Schließlich müssten die Grünen als eigentlich europafreundliche Partei Farbe bekennen, ob sie mit einem nationalen Alleingang beim Provisionsverbot den Europäischen Binnenmarkt für Versicherungen und Versicherungsvermittler torpedieren oder deutsche Vermittler reihenweise zur Sitzverlagerung ins benachbarte europäische Ausland motivieren wollen. Anschließend könnten sie dann per Dienstleistungsfreiheit provisionsfinanziert zurückkommen. 

Provisionsdeckel wird wahrscheinlicher

Die SPD spricht zwar in ihrem Wahlkampfprogramm nicht von einem Provisionsdeckel in der Lebensversicherung. Aber dass der Bundesfinanzminister und Kanzlerkandidat mit seinem Vorschlag in der ablaufenden Legislaturperiode gescheitert ist, macht es nicht schwer zu erraten, was ein möglicher Kanzler Scholz auf die Agenda setzen dürfte. Mit ins Paket kommen dürfte die Aufsichtsverlagerung für Finanzanlagenvermittler zur Bundesanstalt für Finanzdienstleistungsaufsicht, ein weiteres Anliegen, mit dem die SPD gescheitert war und das von Grünen und Linken unterstützt wurde. Und wenn man schon einmal dabei ist, könnten diesmal gleich alle Vermittler egal mit welcher Erlaubnis unter Bundesaufsicht gestellt werden. 

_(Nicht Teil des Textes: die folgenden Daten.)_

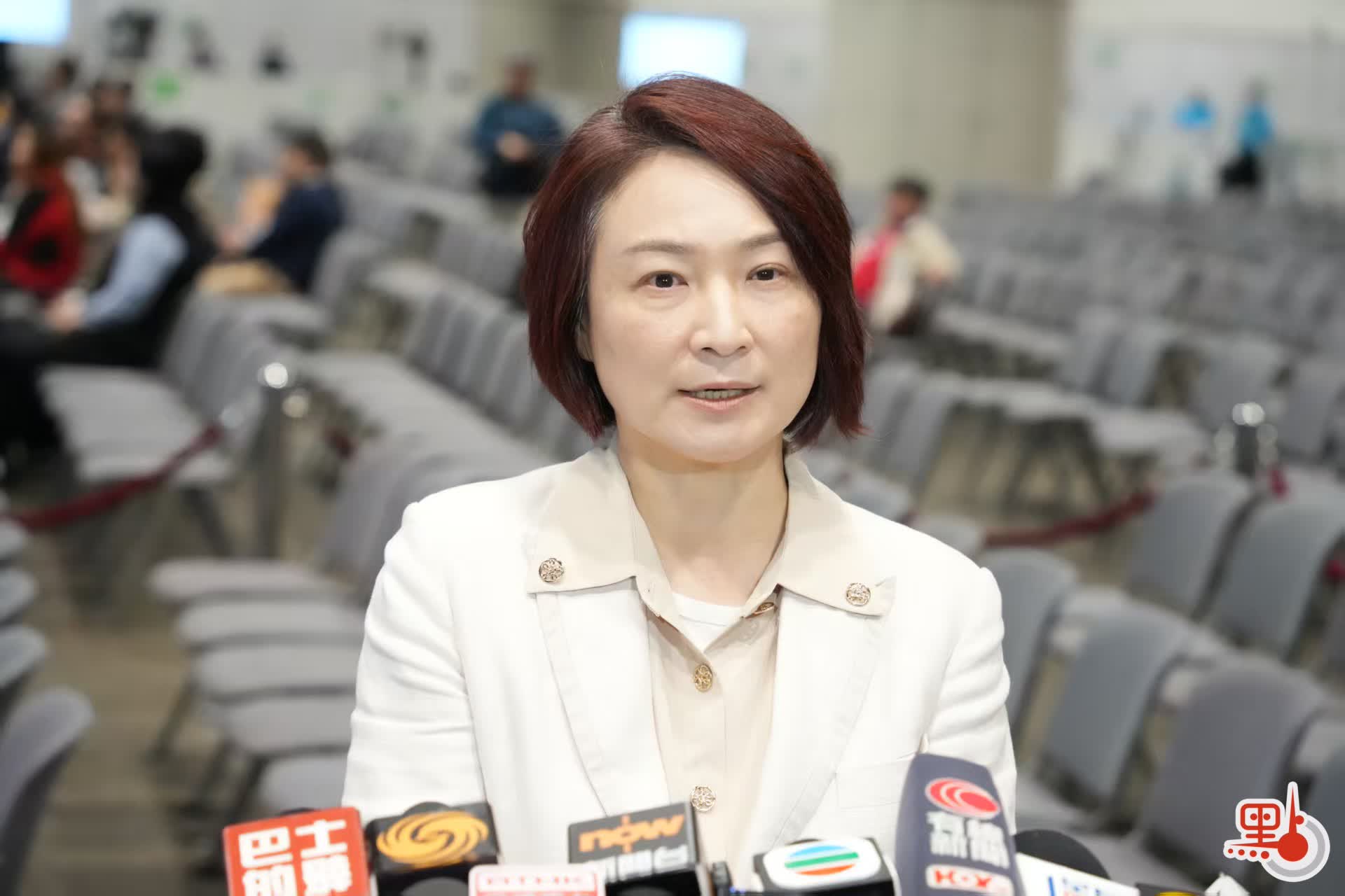 植潔玲形容選情激烈,有很多難以預料的因素,但感謝選民的支持。而作為新人,她相信自己過去有協助立法會議員的豐富經驗,有助推動之後的議會議案及法例。

Für den Versicherungsvertrieb zeichnen sich damit schwere Zeiten am Horizont ab. Nicht jeder Vermittler wird wegbrechendes Vorsorgegeschäft mit Kfz- und Sachversicherungen kompensieren können. Andererseits könnte sich die Konsolidierung vor allem im Maklermarkt beschleunigen. 

Weniger Wahlfreiheit 

Was den Bürgerinnen und Bürgern kaum klar sein dürfte ist, dass ihnen erhebliche Wahlfreiheiten genommen werden könnten. Die so positiv klingenden Bürgerversicherungen und Bürgerfonds sind nichts anderes als staatlich reglementierte Zwangsveranstaltungen, die die verfügbaren Einkommen in bestimmte Richtungen zwingen. Die freie Entscheidung für unterschiedliche Leistungen sowie persönliche Vorstellungen von privater Vermögensplanung und Vermögensverwendung werden ausgeschlossen. 

Dass es Versicherungsunternehmen in dieser Situation nicht mehr gelingt, sich als selbstverständlicher und leistungsstarker Partner der Politik in der Daseinsvorsorge darzustellen, ist eine schlimme Entwicklung. Nach der Bundestagswahl sollten Versicherer und Vermittler miteinander ins Gespräch kommen, was eigentlich ihr gesellschaftlicher Nutzen ist – und wie man diesen glaubwürdiger als bisher an die Öffentlichkeit tragen kann.